[GitHub] [spark] BryanCutler commented on issue #27165: [SPARK-28264][PYTHON][SQL] Support type hints in pandas UDF and rename/move inconsistent pandas UDF types

GitBox Tue, 14 Jan 2020 10:54:59 -0800

BryanCutler commented on issue #27165: [SPARK-28264][PYTHON][SQL] Support type 
hints in pandas UDF and rename/move inconsistent pandas UDF types
URL: https://github.com/apache/spark/pull/27165#issuecomment-574320076
 
 
   >On the first one they can wrap an existing function can’t they? They don’t
   need to modify it.
   
   Yeah, it's just an inconvenience for the user to define a wrapper function 
and then wrap that again in `pandas_udf`.
   
   >That's my concern too which makes me to decide not to deprecate existing 
pandas UDFs for now.

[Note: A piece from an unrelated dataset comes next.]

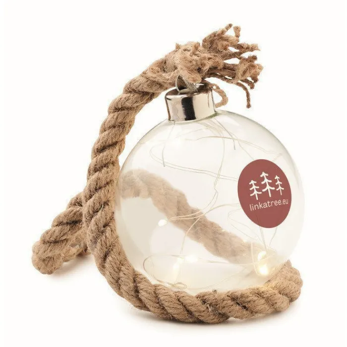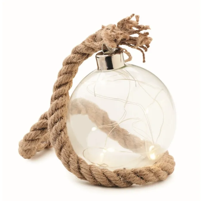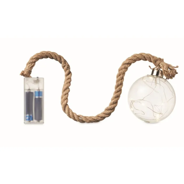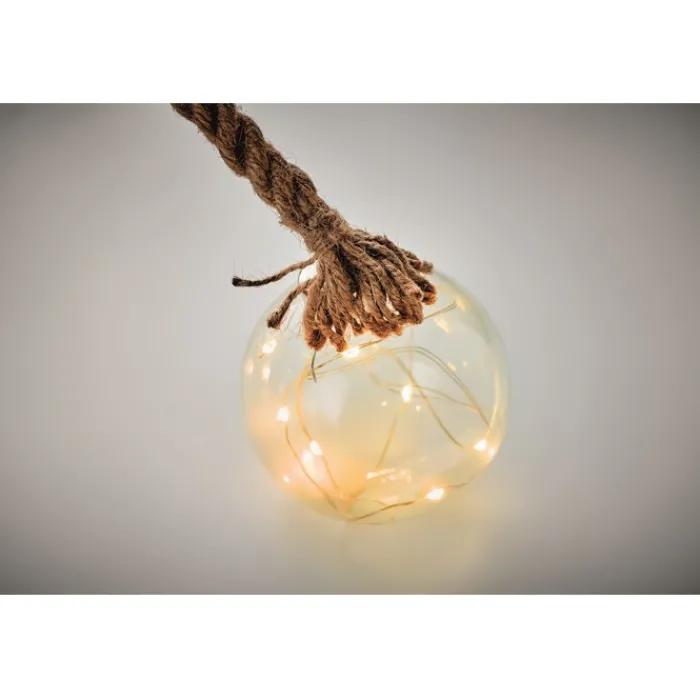 Pallina in vetro con stringa di 8 luci a LED gialle con corda di iuta. Funziona con 2 batterie AA non incluse.

If we add proposal 1 way too, then we will have 3 ways 
(old one, proposal 1, and proposal 2) which I think might be more confusing. So 
my current take is to add the type hint way first, and see if users like it or 
not in Spark 3 (without any deprecation for now)
   
   Sure, this sounds like a good path forward @HyukjinKwon . My concerns are 
only if type hints are required.
   
   >The current udf returns a Column which is able to bind with other SQL 
expressions whereas 
   
   Actually, `pandas_udf` returns a `UserDefinedFunction`. It's when that is 
called with `Columns` as input, it returns a `Column`.
   
   >We do have methods that have similar semantics in both Scala ("strongly" 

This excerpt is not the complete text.